Wenn die Lampe blinkt, heißt das normalerweise das die Synchronisation mit dem DSL-Server nicht mehr gegeben ist. In der Regel liegt das an einer schlechten Telefonleitung oder irgendwelchen externen Störungen derselben. Mußte mal beim T-Punkt Deiner Wahl vorbeischauen und die Leitung durchmessen lassen...


----------



## BastiS (15. Oktober 2004)

mhh vielleicht haste auch "im Ruhe betrieb die verbindung trennen"

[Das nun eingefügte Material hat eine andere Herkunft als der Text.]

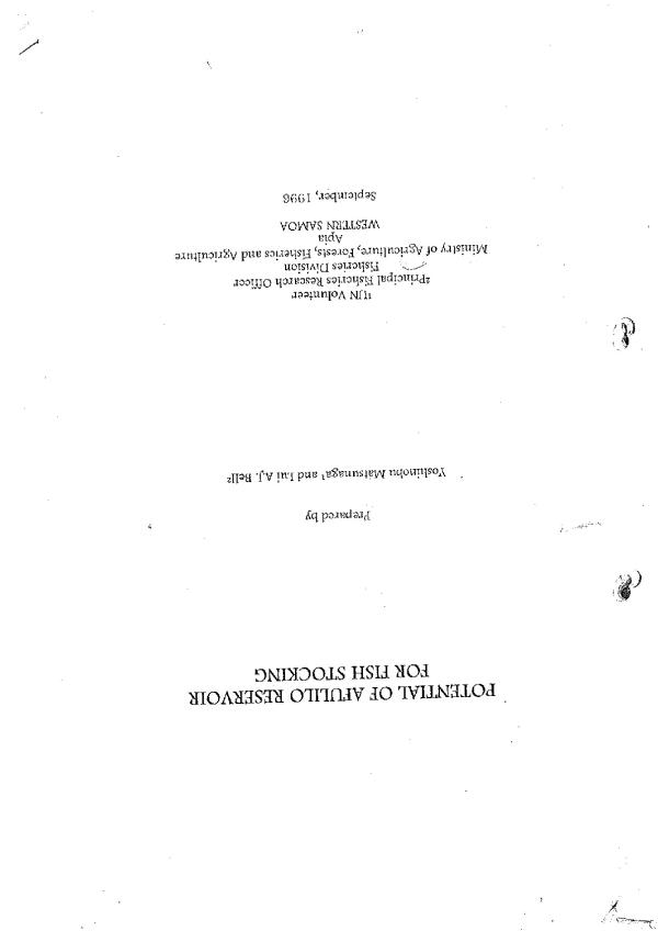 In an effort to lessen pressure on the natural reef fishery resources, Fisheries Division has an aquaculture programme assessing the potential of inland fish farming. Since reservoirs for electricity offers opportunity for fish stocking which can serve as a potential source of protein for local population, the construction of the Afulilo Reservoir was seen as offering a possibility for fish production.
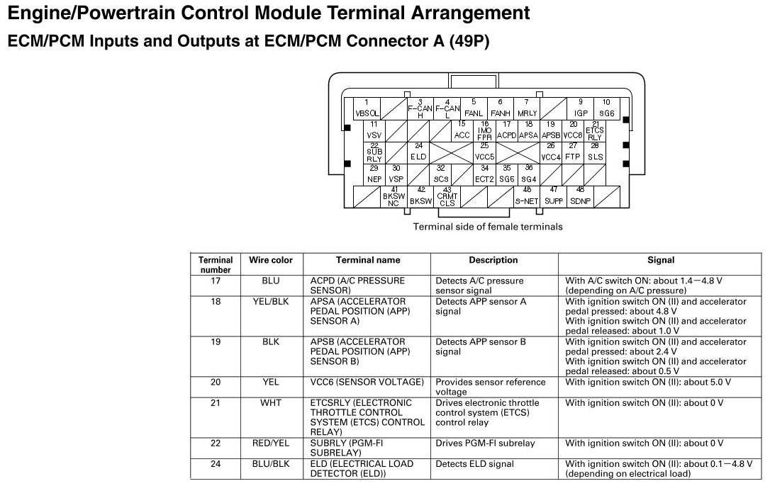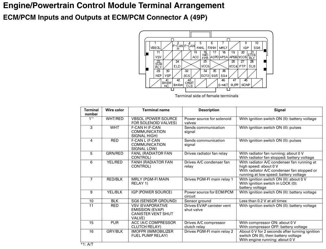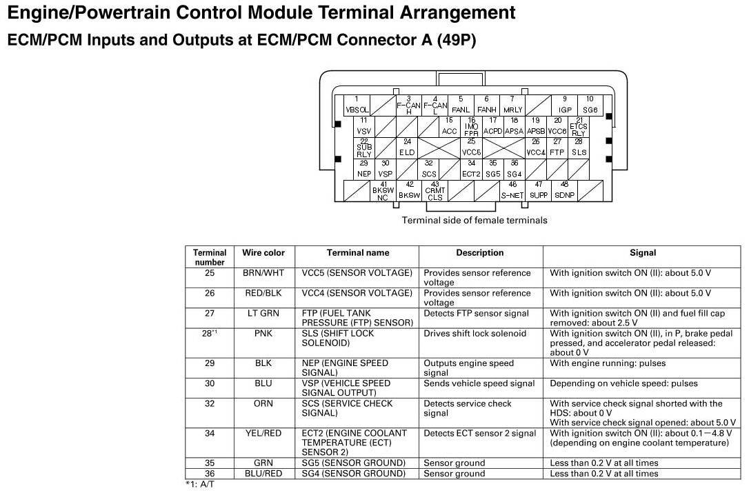 ECM/PCM Inputs and Outputs at ECM/PCM Connector A (49P)

schau mal deine Inet einstellen nach ob soas an ist !


----------



## Florian Schulz (15. Oktober 2004)

Hi,
also am "im Ruhebetrieb die Verbindung trennen" kann es auf keinen Fall liegen,da ich mitten drin aus dem Net "gekickt" werde und die Lampe zu blinken anfängt.Da kann das von Vaethischist geschriebene washrscheinlicher sein.Ok,werd dann mal beim T-Punkt anrufen.Vielen Dank.

Flori


----------